I happily give all the credit to Alan Reynolds. In recent years I've introduced him as the second best economist in the world, after Bob Mundell, but Alan in '89 led the league in hitting, slugging, RBIs and stolen bases. If I knew of a better economist anywhere, Nobel Prize winners included, I'd acknowledge him or her. But there isn't a soul I know of who saw through the myriad variables early in the year and stayed with them. When the PPI came in at 1% in both January and February, most of you and many of us at Polyconomics questioned his assertion that inflation was under control, that the dollar would strengthen over the year, that long-term interest rates would decline as well. Barron's last week cited Alan's long-bond forecast of 7.8% as the best of those it surveyed. His January 4 forecast of a 2500 Dow without capital gains and 3000 with the cut was made at a time when almost nobody gave capgains a ghost of a chance in '89. He adjusted the forecast in May to 2800 without a cut in the capital gains tax, on the strength of the administration commitment to capgains. After the October 13 nosedive, he reaffirmed the 2800 forecast and even I shook my head in disbelief. As it happened, he was off by 50 points and only one trading day!!! Just last month The New York Times surveyed a gaggle of Wall Street economists on the price of gold, when it was $418, and to a man they said it was headed higher, to $450 and above. Alan said it was going south, and it is in fact closing in on $390 as I write.

The most important piece Alan did in '89, though, was "Time to Cut the Capital Gains Tax," March 15, which he began to work on in November, anticipating the Bush Administration would need such a report if it was going to make a serious run at it. The essay, which remains the state of the art on the subject, circulated widely in the Bush Administration, on Capitol Hill, and among Washington business lobbyists. Its powerful arguments thoroughly displaced those in circulation at the White House. Most importantly, they reinforced the conviction of the President himself that the objective was key to the long-term health of the economy, with much greater importance to the federal revenue stream than he had believed. This critical point also turned Senator Bob Packwood, ranking Republican on Senate Finance, from a very lukewarm supporter to an avid one, and did the same for House Minority Whip Newt Gingrich. Without their enthusiasm, the push would have broken down much sooner. Now, I'm convinced, the momentum built up last year will carry through to success this year.

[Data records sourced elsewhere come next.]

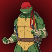 The image features an illustration of Raphael, one of the Teenage Mutant Ninja Turtles. He is depicted with his signature red bandana around his head and is holding a weapon in each hand. His expression seems intense or serious.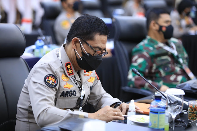 KABARTIMUR.ID JAKARTA – TNI-Polri menggelar pimpinan (Rapim) 2021 di Rupatama Mabes Polri, Senin (15/2/2021). Rapim dibuka oleh Panglima TNI Jenderal TNI Marsekal Hadi Tjahjanto dan Kapolri Jenderal Listyo Sigit Prabowo. Turut hadir perwakilan PJU Mabes TNI dan Polri secara fisik. Sementara 15 pangdam dan 34 polda secara virtual.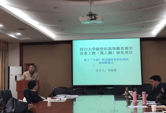 图9辜海彬副教授汇报项目《基于“大创”项目提高本科生的科技创新能力》进展情况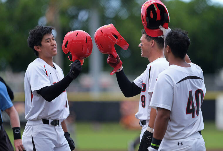 Trailing 3-1 in the nightcap, UHH tied it in the fourth without the benefit of a hit, getting a hit by pitch, an error, Bradyn Yoshida’s sac fly and a wild pitch. In the fifth,Campbell hit a double to score Casey Yamauchi, who led the inning with a walk. Campbell camme home to score on an error.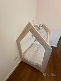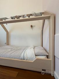 Lettino montessori Picci 140x70. Versione legno sbiancato con colori naturali, stato come nuovo. Vendo con materasso, cuscino e piumino coordinati Picci. Completo copri piumino, lenzuola, copri materasso salva pipi, copri cuscino. Vendo insieme anche a bandierine ornamentali e quattro cuscini anticaduta laterali, tutti originali Picci. Valore letto e accessori completi acquistati nel 2020, oltre 900€. Ingombro totale misure 148x78x123h. Mio figlio ci ha dormito da 6 mesi a 5 anni. Vendiamo per cambio a letto piu grande. Si vende oggetto come da foto, gia smontato, non imballato. Consegna a carico dell’acquirente.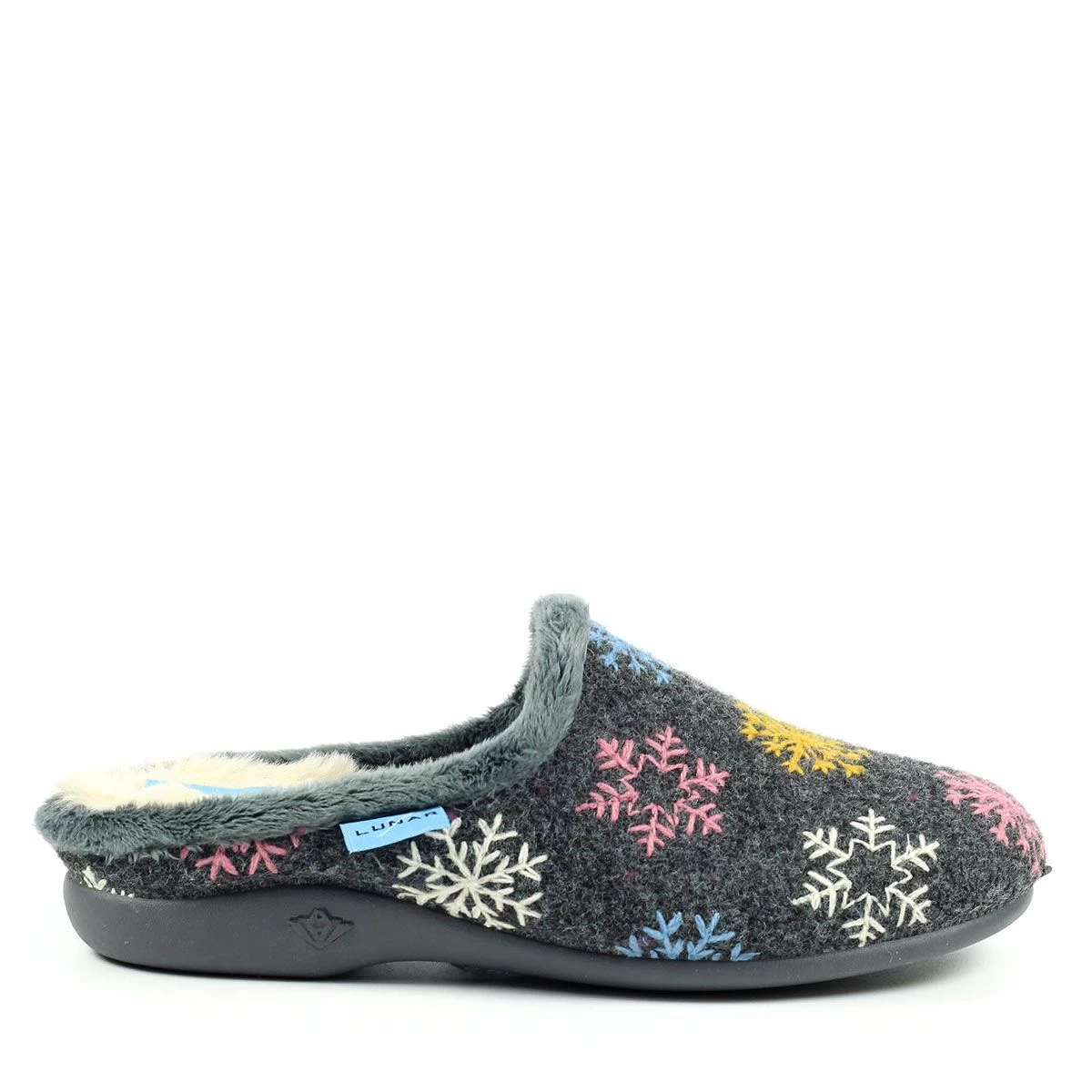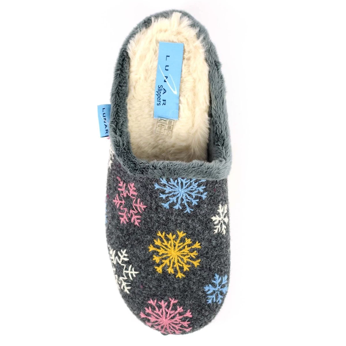 The upper of these mule slippers features a delightful knitted printed textile that showcases an enchanting multicoloured snowflake print. This intricate design adds a touch of elegance and femininity to your loungewear, making your feet feel pampered and cherished. Step inside, and you’ll experience the luxurious softness of the fleece lining. The lining ensures your feet are enveloped in a cloud of warmth, providing an indulgent feeling with every step you take. Say goodbye to chilly toes and embrace the snug embrace of these fleece-lined slippers. Comfort is key, and these mule slippers deliver just that with their synthetic sole and padded insole. The synthetic sole offers a practical grip for indoor wear, allowing you to move around with ease and stability. Additionally, the padded insole provides extra cushioning, making these slippers a dream to wear for extended periods.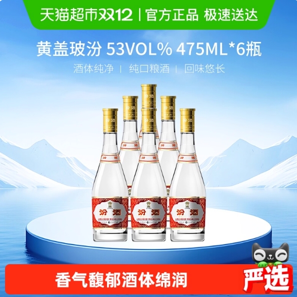 214元!汾酒 黄盖玻汾 53%vol 清香型白酒 475ml*6瓶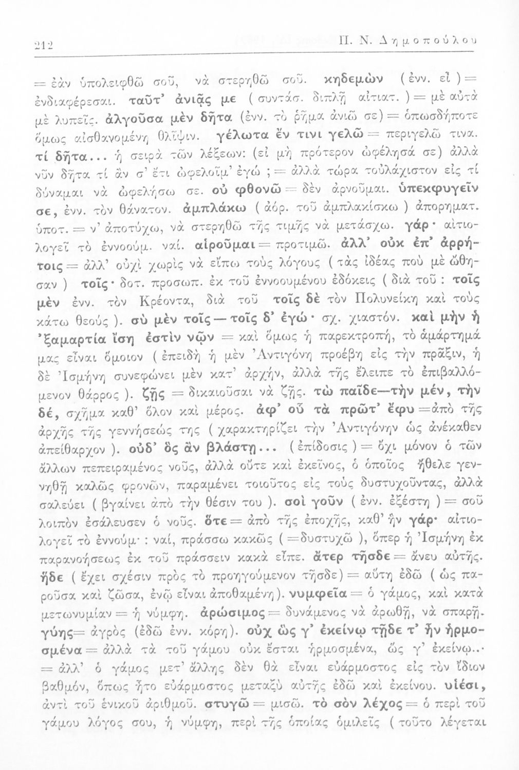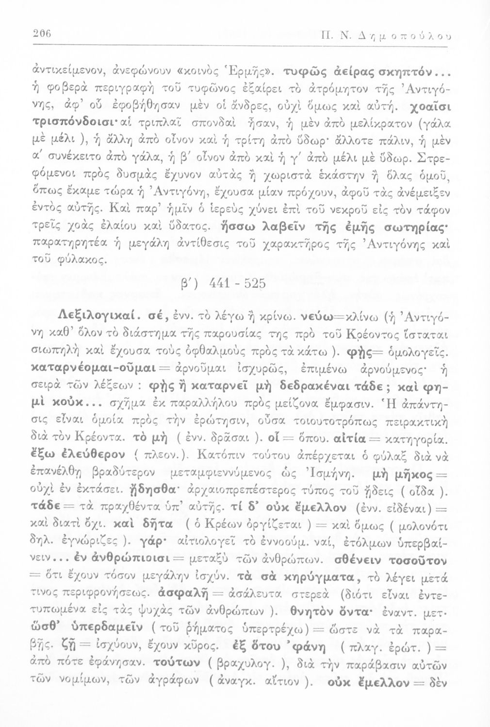 Σοφοκλής, Π. Ν Δημόπουλος (σχόλια)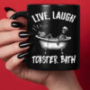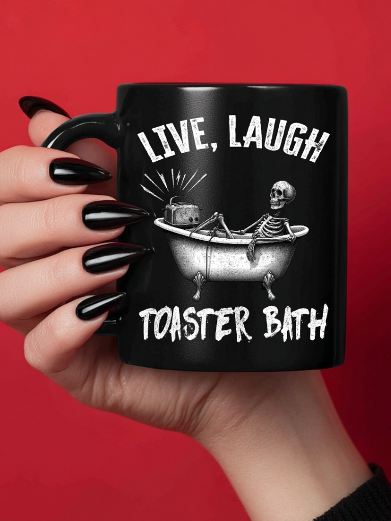 Mugg i svart med ett skelett i sitt badkar med en brödrost och texten ’Live, laugh, toaster bath’ som motiv på båda sidorna. Muggen är tillverkad i keramik och tål både maskindisk och uppvärmning i mikrovågsugn.

The most important work Alan will do in 1990, I think, is the report on Mexico that has been occupying us for almost a year. If we're right, the report will appreciably change the way Mexico thinks about itself and dramatically change the way we think about Mexico. This would be a key step toward pushing the supply-side revolution through Central and South America. We would like to do a similar project for the USSR, but must get through Mexico first, which will take two more months of writing and revision. We also have to tend to Alan's forecast of 3300 on the Dow in 1990, with "much better gains if we get a good capital gains tax bill."